# Are Old Bass senile?



## oarfish (May 12, 2004)

Is it possible that the bass gets kind of dizzy with old age and at one point easier to catch then younger more alert fish? In other words sometimes the big fat trophy fish is really just an old mumblin' retard that any of us could fool??


----------



## fishingredhawk (Apr 14, 2004)

My opinion is no. I think it works the opposite way.

http://ohiobassblog.com/2011/09/29/old-ohio-bass/


----------



## Fish G3 (Jul 16, 2008)

fishingredhawk said:


> My opinion is no. I think it works the opposite way.
> 
> http://ohiobassblog.com/2011/09/29/old-ohio-bass/


I'll second this. The older they become the more wary and sensitive to their surroundings they become.


----------



## Tokugawa (Apr 29, 2008)

oarfish said:


> Is it possible that the bass gets kind of dizzy with old age and at one point easier to catch then younger more alert fish? In other words sometimes the big fat trophy fish is really just an old mumblin' retard that any of us could fool??


Some days, I sure wish this was the case!


----------



## Harbor Hunter (Aug 19, 2007)

I don't really seem to run into too many stupid 5-6lb. bass,not that I wouldn't want to.


----------



## spfldbassguy (Mar 23, 2009)

I tend to think it's a good thing that they don't become dumber with old age. What fun would it be really?


----------



## Intimidator (Nov 25, 2008)

I'm sure there are alot of HUGE fish that just die of Old Age because they are smarter than us and don't get caught or they learned hard lessons as young fish!!


----------



## Wow (May 17, 2010)

Are Old Bass senile?

No, but some fisherman are, and not just the old ones.

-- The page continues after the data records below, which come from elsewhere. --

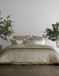 通常シーツは40~60番手の綿糸を使用されますが、こちらは、120番手を使用。ハイブランドやメゾンのドレスシャツに使用されるような紡績糸で仕上げるところは、高級ビスポークシーツブランドならでは。Mirabel Slabbinckの高い技術が生み出す、細番手で贅沢に織り上げられたシーツは、とても美しい光沢と、他では味わえないような洗練されたの肌触りを体感できます。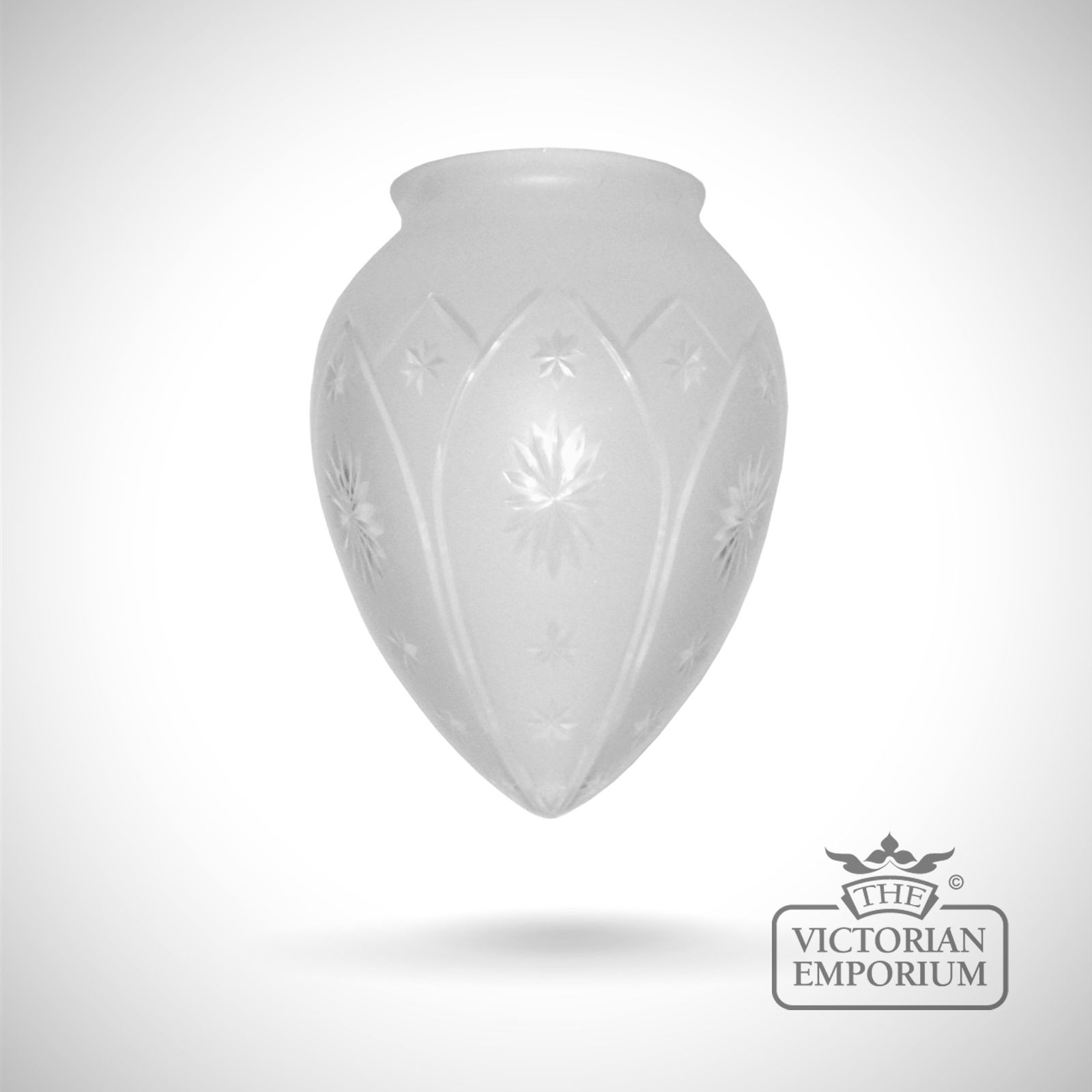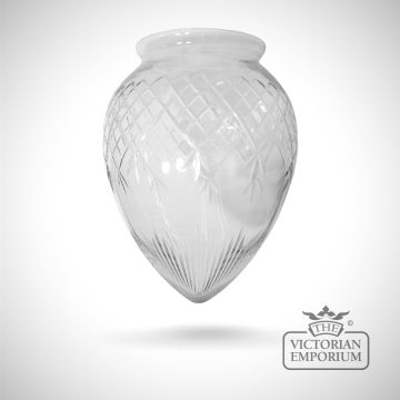 Hand blown and brilliant cut pineapple acorn shades etched with clear brilliant cut pattern in a choice of sizes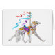 Este elegante sabueso está en movimiento, con un traje árabe tradicional con borlas y bordas - él (o ella) está de pie con un poste de carrusel adornado con una cinta. ¡El arte de los perros Saluki blancos es genial para cualquier época del año para alegrar algún día!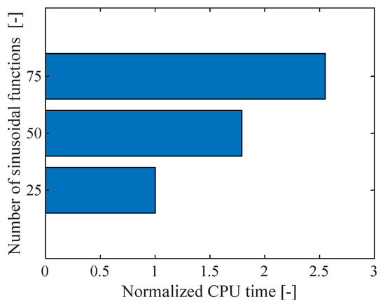 This finding is particularly relevant to the computational efficiency of the numerical tools. In fact, the computation CPU time is directly proportional with the number of harmonics, as can be seen in Figure 10. This figure illustrates the performance of the different cases using a bar chart. The calculation times are normalized in relation to the case of a number of sinusoidal functions equal to 25.

I've seen too many guys lose the open minds and inquisitiveness of youth. 
Some guys forget what works, because they're so enamored with the latest
noisy, shiney crap that comes and goes. New doesn't mean better.

It's better to perfect your techniques with what you have, than to depend on new tackle to correct your faults.
The old wiley Bucketmouth? Now *he **has *perfected his technique.--Tim...........................................................................................................................................................


----------